There was a stunned silence when I finished. 

My emotional outburst came after months in which I had tried to contain the extent of my anger towards Trump in front of my American friends and family, for fear of offending them. To be clear, none of them like Trump either, and most of them are as horrified as I am by his egregious behaviour.  Many of my American friends say they are ashamed and embarrassed by Trump, and tell me that when they travel overseas they make clear to people they meet that they did not vote for him. Some even try to pretend they are Canadian.

But, America is still their country, and most of them still believe better days will come again. Though they share my disgust at Trump, most of them seem surprisingly passive in the face of events. They will certainly not vote for Trump. Some may come out and stump for Democrats nearer the elections. But only a handful of them are actively engaged in acts of protest or resistance. Only one other friend came out with me to join a #NoKings protest. They sigh, and tut-tut, and shake their heads with despair, but they don’t seem to think it is their job to actively push back. 

They are trusting that America’s democratic processes will still work. They are pinning their hopes on the courts reining in Trump’s worst excesses, and the Republicans doing badly in the mid-term elections – even though the Trump administration continues to bulldoze through court rulings against them, and is ever more explicitly looking for ways to rig the elections in its favour. 

If the passivity of too many ordinary American voters is disappointing, this is nothing compared to the manifest failure of America’s elites to stand up to Trump. Too many in the elite circles of the media, academia, the legal profession, or in business, have decided the easiest course is to keep their heads down, or actively collude with the administration, in the hopes of avoiding Trump’s wrath, and instead securing favours, economic benefit, or other advantage over their competitors. 

Where were the adults in the room when Trump threatened civilisational destruction of Iran?

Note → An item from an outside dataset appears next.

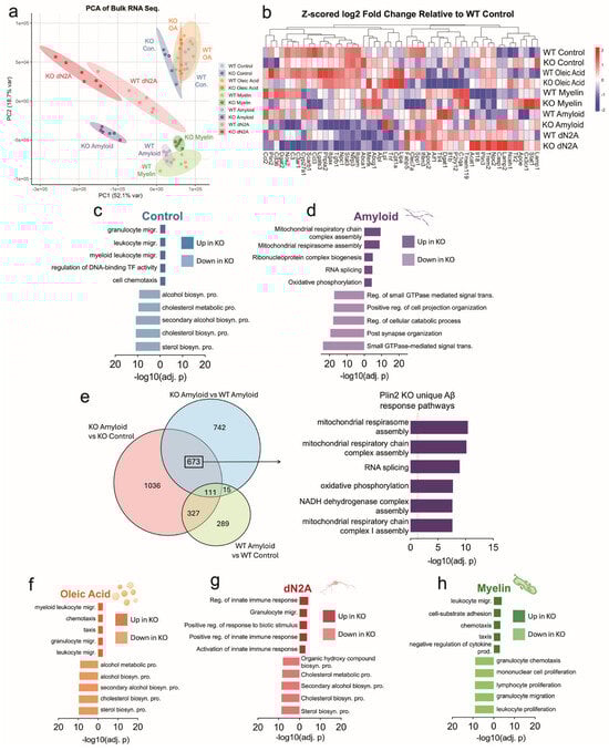 Plin2 deletion reprograms microglial transcriptomes across stimuli. (a) Principal component analysis (PCA) of bulk RNA-seq from WT and Plin2 KO BV2 cells under control, amyloid beta (Aβ), oleic acid (OA), dN2A, and myelin treatments. (b) Heat map of microglial genes and representative differentially expressed genes (DEGs), shown as Z-scored log2 fold change relative to WT control (scale at right). (c,d,f–h) Pathway enrichment analyses for DEGs in Control (c), Aβ (d), OA (f), dN2A (g), and Myelin (h). Bars show the top enriched Gene Ontology terms for genes up in KO (right bars) and down in KO (left bars), ranked by −log10(adjusted p value). Across conditions, sterol and broader lipid-biosynthetic programs were KO-depleted, whereas innate immune, cytoskeletal, vesicle/lysosome, and—under Aβ—mitochondrial respiration/respirasome pathways were KO-enriched. (e) Venn diagram of DEGs under Aβ exposure across three contrasts: KO Aβ vs. KO Control, WT Aβ vs. WT Control, and KO Aβ vs. WT Aβ. Stats: per-treatment KO vs. WT contrasts with Benjamini–Hochberg false discovery rate (BH FDR) control; primary threshold FDR < 0.05. Functional enrichment used GO over-representation with BH-adjusted p-values (FDR control). Complete gene-level results and enrichment tables are provided in Supplementary Table S1 (“3. Bulk Sequencing DEGs”).

Why was this not an immediate clarifying moment for all the Republican members of Congress who have enabled him for far too long? Why was this overt declaration of intent to commit war crimes not a moment of mass resignation from the administration? Why was the Chairman of the Joint Chiefs of Staff not actively denouncing this as incompatible with US military codes and decades of military practice? 

Yes, Trump’s favorability ratings are declining across the board – on his handling of the economy, foreign policy, and even immigration, his signature policy. But, given the chaos he’s unleashed, how is it possible that almost 40% of Americans still have an overall positive view of him?  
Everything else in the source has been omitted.